Double Interpretation
The word interpretation has a double usage in music. It refers both to meaning – how a musician understands a piece – and to action – the concrete performance decisions they make.
Of course, these two senses of the word keep collapsing into one another. Listeners only have access to the musician’s concept through the concrete sounds they produce, and the musicians themselves likewise develop their internal representation of a piece through the act of learning to produce it physically. The abstract quality of meaning has no real means to exist independently of its realisation.
Nonetheless, this double aspect of interpretation is essential to keep the music as performed connected with the imagination, of both performers and listeners. You sometimes hear the word interpretation used as if it was a synonym for ‘plan’: get louder here, and slow down there, change tone colour on this word, and bring out the bass line on that.
But to treat interpretation as meaning only its concrete patterns of action results in an essential impoverishment of musical experience, because it detaches the realisation of meaning from the imaginative source that motivates it. Getting louder and softer has no meaning or value in itself; its only function is to make the performer’s imaginative concept of the music perceptible to the listener.
Indeed, to this extent, the very notion of ‘plan’ is fraught with danger. Sure, you want an ensemble to have some kind of shared purpose in their performance. But articulating this in terms of a sequence of concrete operations places a layer of instructions between the performers and the music they sing. It invites people to connect with the idea of ‘slowing down’, rather than with the feeling of wistfulness or beauty of harmonic richness or whatever combination of musical-imaginative elements sparked the response that an easing of tempo was needed. You can hear when people are performing the plan rather than performing the music.
There’s an interesting post on Owning the Stage where Tom Metzger responds to a director’s anxiety that she’ll come up with a bad plan. He suggests that so long as she is rooting her plan in a careful and sensitive connection with the song, it’s pretty much bound to come out okay – there are lots of right answers, and anyone taking a modicum of care over finding their own is more than likely to produce something effective. His answer, that is, locates the validity of the second meaning of ‘interpretation’ in its connection with the first.

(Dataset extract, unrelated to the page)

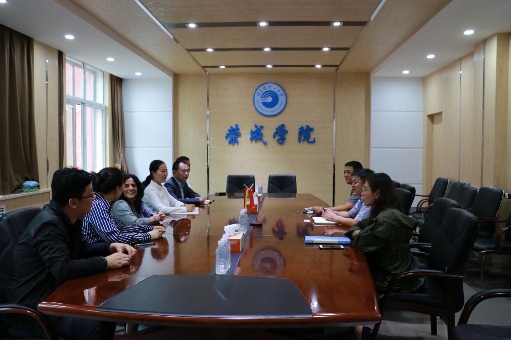 德国格劳豪预科学院院长Bettina Zoelsmann女士对学院的热情接待表示由衷感谢;她对荣成学院办学理念以及办学成就表示赞赏,她指出格劳豪预科学院是国际学生赴开姆尼茨工业大学学习的捷径,学院坐落于德国萨克森州第三大城市茨维考,是该州的工业中心,大众集团培训中心就坐落于格劳豪预科学院3公里处;Bettina Zoelsmann院长此行目的是为荣成学院成绩优秀的学生及教师到格劳豪预科学院进行学习深造提供各种便利条件。

But given the primacy of understanding and imagination in this method of producing a plan, I wonder if it would be even more helpful to let go of the idea of plan and just encourage people to connect with the first layer of interpretation. For, if the performed interpretation articulated in the plan is the outcome of one’s understanding of the music, and if the plan can’t be enacted convincingly without also connecting with the imaginative level of understanding, then the plan itself is at best redundant, and at worst gets in the way of the performance. Maybe it’s a useful tool to help build interpretive skills, but we should remember to keep our focus on the house we are building, not the scaffolding we use to help put it up.